Looking back with the perspective of two years, the Equifax data breach still has many lessons to teach us. Unfortunately, some of the most important lessons are masked by the extremes of the errors that characterized the original breach, which include insider trading by top executives after the breach was discovered but before it was disclosed. That, combined with the length of time the company withheld news of the breach, and the irony that its entire business model is built on security, may lure some observers into believing that the incident is unique, and they could never screw things up as magnificently.

That would, however, be a mistake.

As litigation over the breach continues, there are some takeaways that might not be as obvious, but which are important to all companies. As courts and regulatory agencies struggle with how to respond to such breaches, punish companies that disregard regulations and look to compensate victims, it becomes increasingly clear that securities compliance is more important than ever. For public companies, data breaches are doubly dangerous.

First, a key lesson from Equifax is that words matter.

Earlier this year, a federal judge upheld most of the plaintiffs’ claims in a securities class action against Equifax (note, these are claims brought by shareholders, not those whose data was breached, though of course those subsets likely overlap), in part because statements on the company’s website, in SEC filings and during investor conferences stated it employed “strong data security.” Plaintiffs allege that the statements misled investors regarding “the strength of Equifax’s cybersecurity systems, its compliance with data protection laws, and the integrity of its internal controls.”
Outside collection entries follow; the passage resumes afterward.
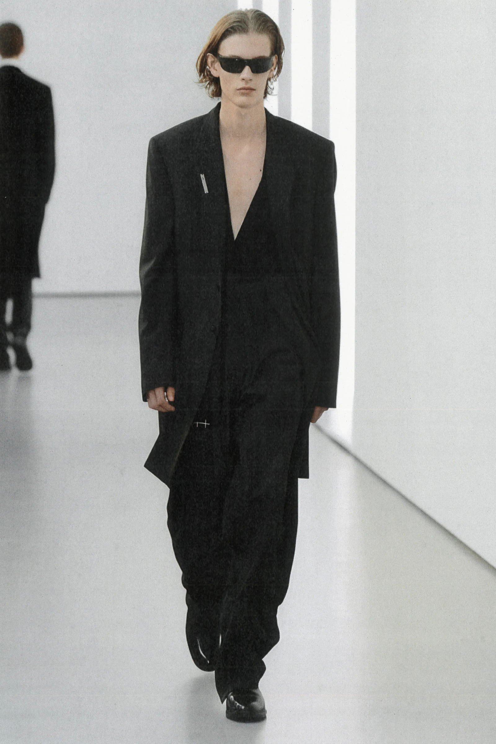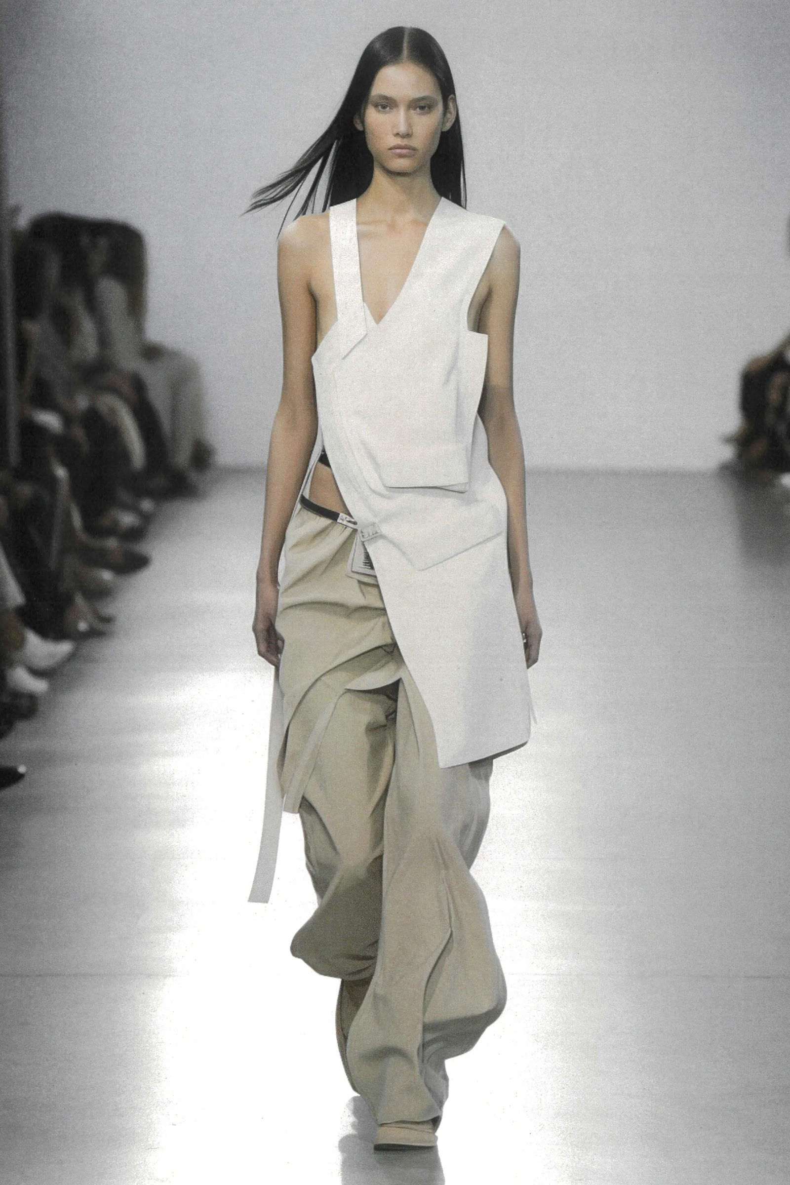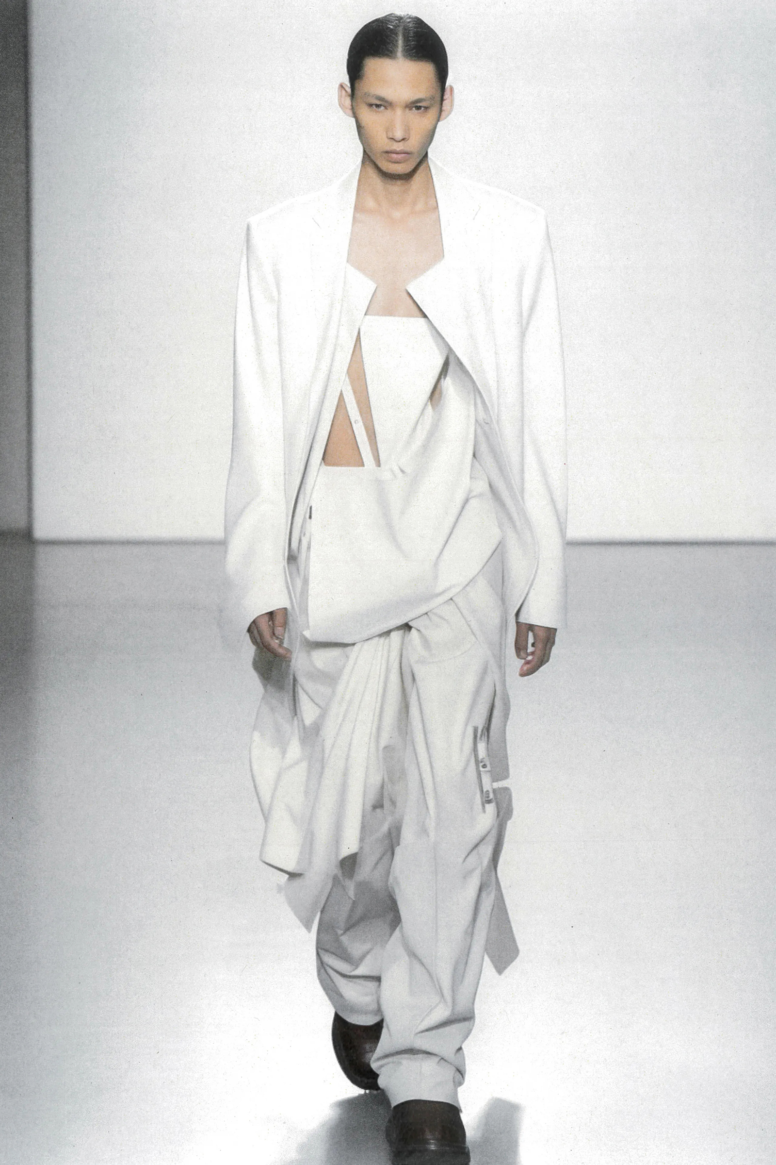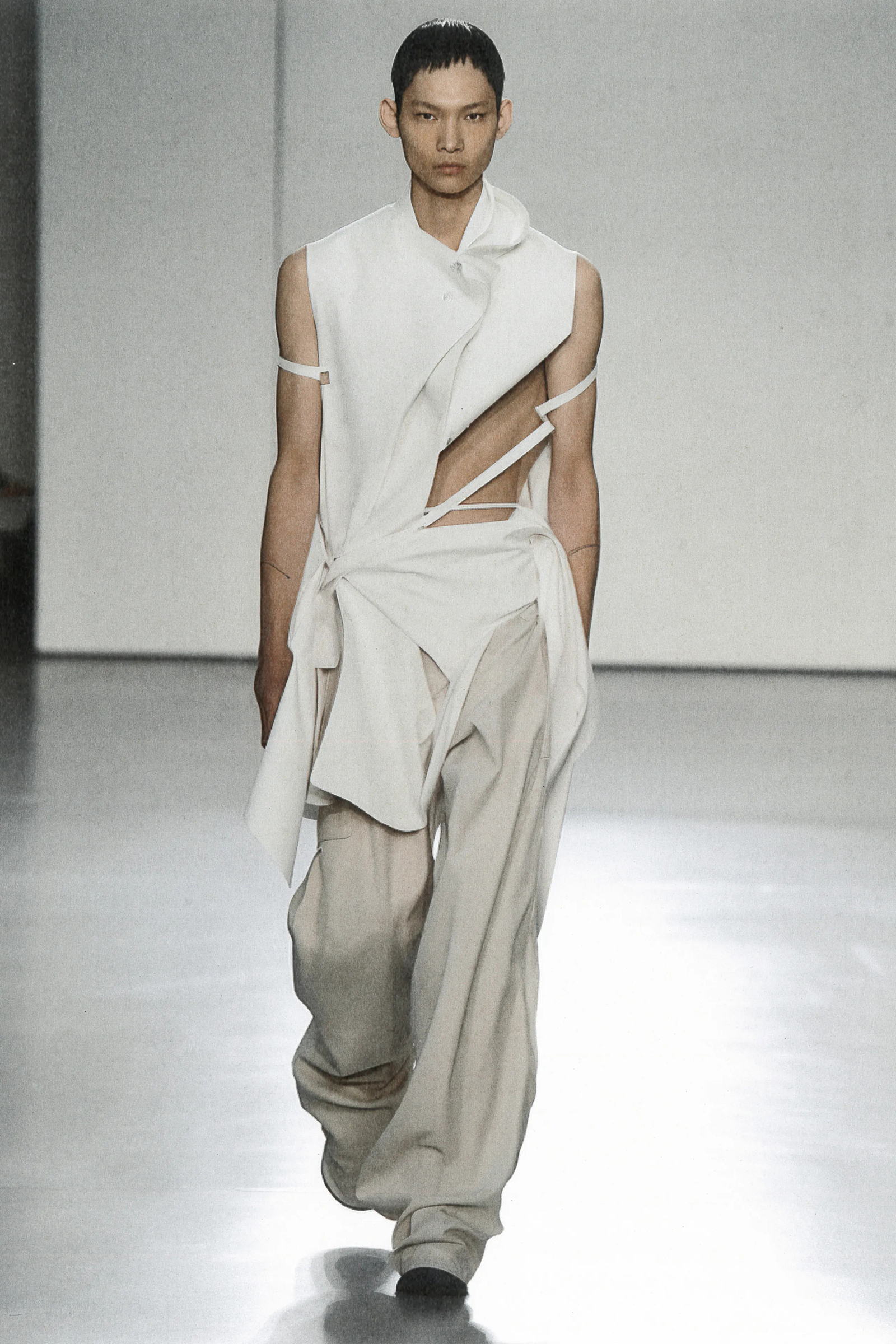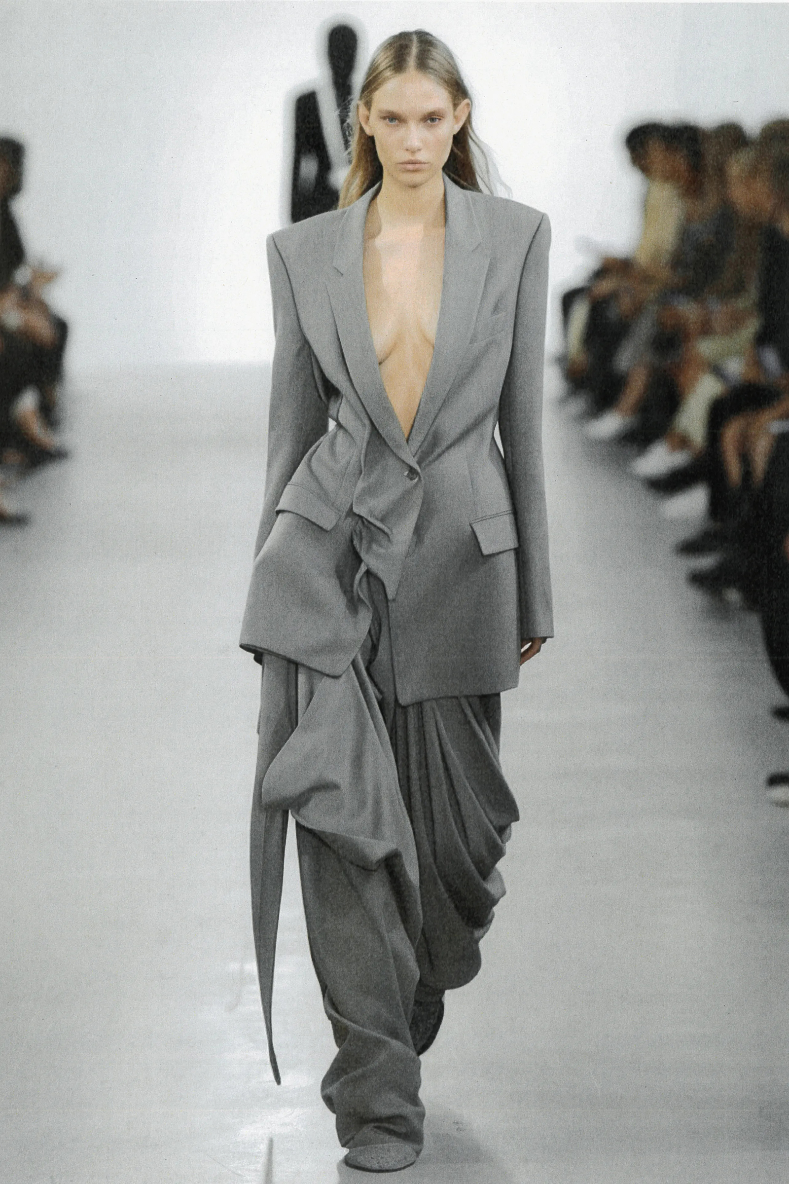 The brand’s aesthetic is hard, sleek, streamlined, features a lot of hardware, and is not especially emotional. Funnily enough spring’s man-meets-machine lineup had unexpected poetry that was linked to the increase of draping, which took both classical and deconstructed forms. “I think [this AI experiment] has taught me quite a lot about looking inwards,” noted Juul. It also stretched the team creatively on a material level. “It was so interesting to see all of the signatures that the algorithm spits back at you, like the metal details, the trims, those kind of things, but given that it has less boundaries than what we have in reality, it also came back with some very interesting things that if you looked into closely, can’t be created in reality: seams that there’d be no way to finish, or a part coming out of nowhere. That was a very interesting complexity to grasp; the machine doesn’t understand physics in the real world.”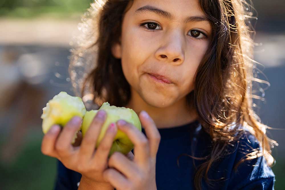LITTLE HELPER — Emilia Cano, 6, takes advantage of the opportunity while helping her mom, Carmela Andrade, pick apples with Seed2Need on Sept. 20. (Photo by Craig Fritz)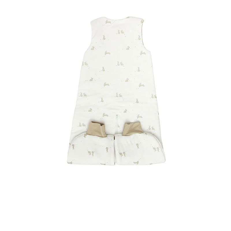 Βρεφικός υπνόσακος της εταιρείας Bimbidreams σε λευκό φόντο με μπεζ λεπτομέρειες και ζωάκια στο σχέδιο. Με την κίνηση ενός φερμουάρ, μετατρέπεται από σάκο σε βρεφικός υπνόσακος με πόδια. Ο δείκτης θερμότητας 2.5 tog είναι ιδανικός για τον χειμώνα και για θερμοκρασία δωματίου 16 – 19°C. Η εξωτερική επένδυσή του είναι από 50% βαμβάκι και 50% βισκόζη. Διαθέτει ραφές, που είναι όλες προς τα μέσα για επιπλέον άνεση, και φερμουάρ, ώστε να μην υπάρχουν μικρά εξαρτήματα. Τα φερμουάρ έχουν ασφάλεια υφάσματος στο κλείσιμο για αποφυγή γρατζουνιών ή ερεθισμών. Μπορεί να χρησιμοποιηθεί ως κλειστός βρεφικός υπνόσακος πιο μικρό μωρό ή με ανοιχτά ποδαράκια για να κοιμηθεί, να παίξει ή να σηκωθεί ένα παιδάκι. Τα πατουσάκια του μωρού μπορούν να καλυφθούν για να παραμένουν ζεστά απλώς με το γύρισμα του υφάσματος στον αστράγαλο. Όλα τα υφάσματα είναι με OEKO-TEX ή έχουν βαφτεί με χρώματα πιστοποιημένα με OEKO-TEX, που εγγυάται την απουσία τοξικών ουσιών για το σώμα και το περιβάλλον. Ιδανικός υπνόσακος για μωρά.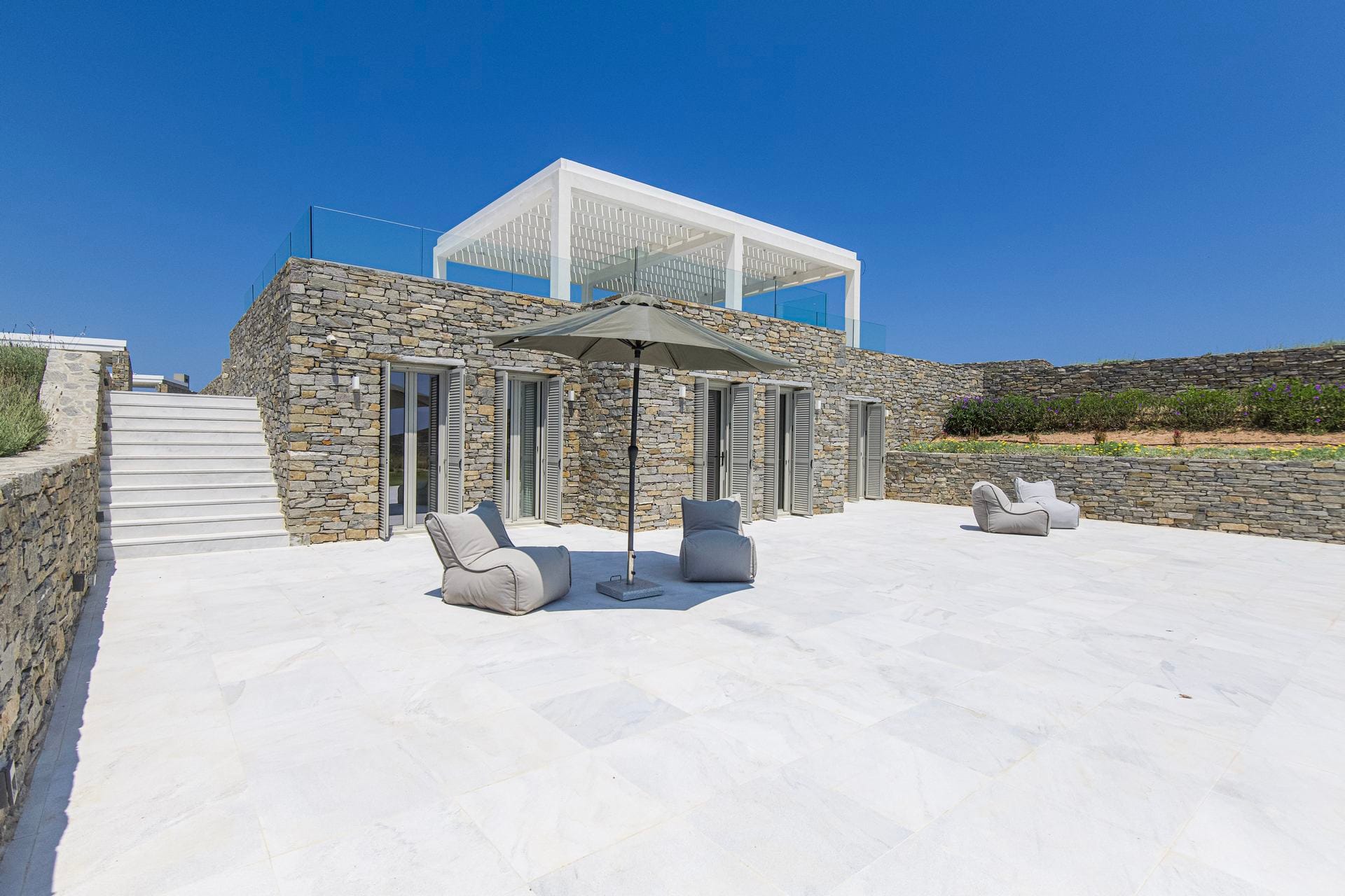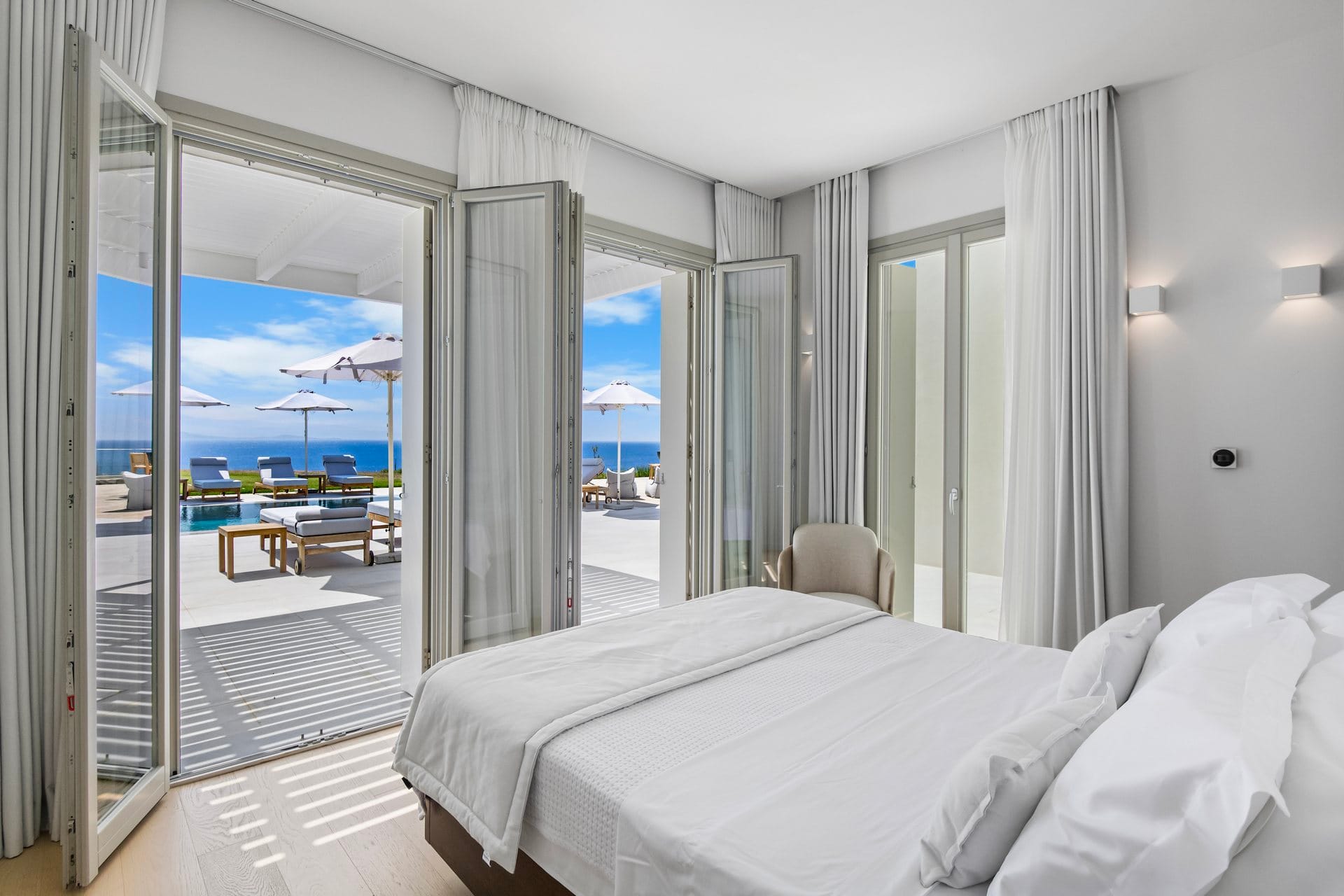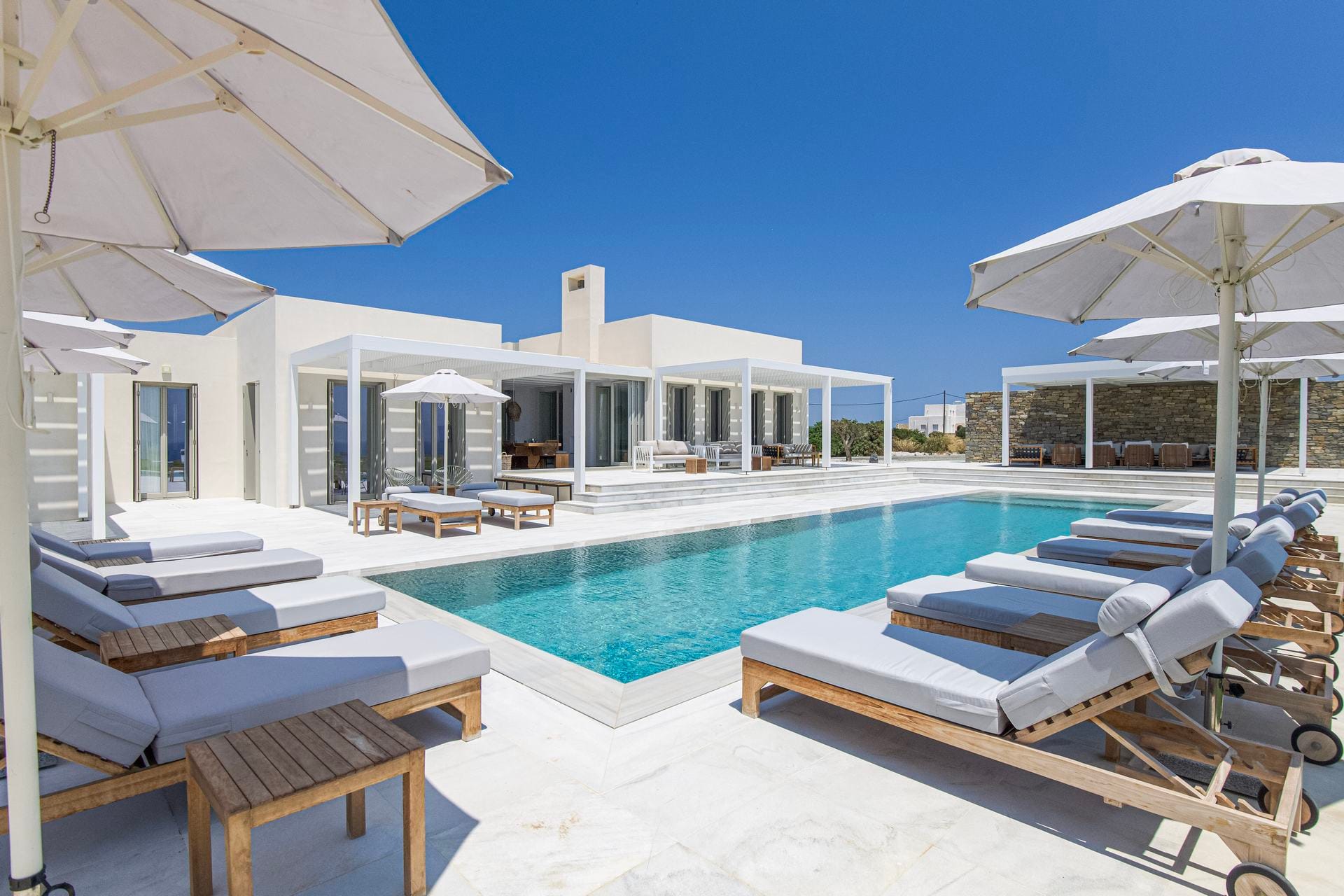 A striking fusion of white high ceiling walls, marble-like flooring, minimal wooden furniture, and contemporary décor paints an accurate picture of villa Anya’s interiors. Well-equipped with ultra-luxurious amenities, it offers guests all the comforts for a hassle-free holiday. Accommodation-wise, it features 7 bedrooms, with unlimited sea views and direct access to the outdoor area, hosting up to 14 guests. Everything is perfectly arranged, from a spacious living area to a fully equipped kitchen; each corner of the villa breathes out style and luxury.

All companies, and especially those in the security business or whose business model is based on gathering, storing and processing information, can be tempted to tout one’s defenses as “the best,” “state of the art,” “industry-leading,” etc. More to the point, a marketing department is bound to use that kind of language. That language, however, is the basis for shareholder lawsuits, FTC enforcement actions and other problems. Here are three steps to take to ensure your cybersecurity statements aren’t what compound your misery after a breach.

  1. Don’t Let the Marketing Department Have the Final SayMost companies are very diligent in having attorneys review official investor statements, and of course sign off on SEC filings. But is every public-facing communication vetted? Increasingly, it should be. Even seemingly well-meaning statements, such as “we take your security very seriously” in a robo-response email can become problematic when missteps are uncovered.
  2. Audits Need to Include All Statements and Copy, Not Just PracticesIf this hasn’t been a corporate practice, make it one now. A cybersecurity audit should review all statements, of any kind, regarding security. This needs to go to the granular level, such as the copy on trade show banners and tchotchke giveaways, which almost certainly have not been previously vetted, and where it may be tempting to “have more fun” with the message. Puffery and humor will cost you considerably.
  3. Educate the Board About What This Really Means for ThemEquifax may be a “first of its kind” litigation, but it is unlikely to be the last. Use this opportunity to educate your corporate board that this threat is real, and courts and regulators are not likely to forgive overly optimistic statements. You may not be able to avoid a breach, but you can avoid some of the aftershocks that complicate matters. This is the perfect example of how strong cybersecurity is often not about firewalls, but about common sense, day-to-day practices. Take the time to evaluate the current landscape and respond accordingly.

It’s hard to stay ahead of hackers. Security is often a patch-game of catch-up. But you can stay a step ahead of your colleagues. For public companies, statements of any kind that relate to cybersecurity merit the same scrutiny as your spam filter or firewall. Private companies with even remote hopes of going public should also employ these practices. Engrain them now, or pay later.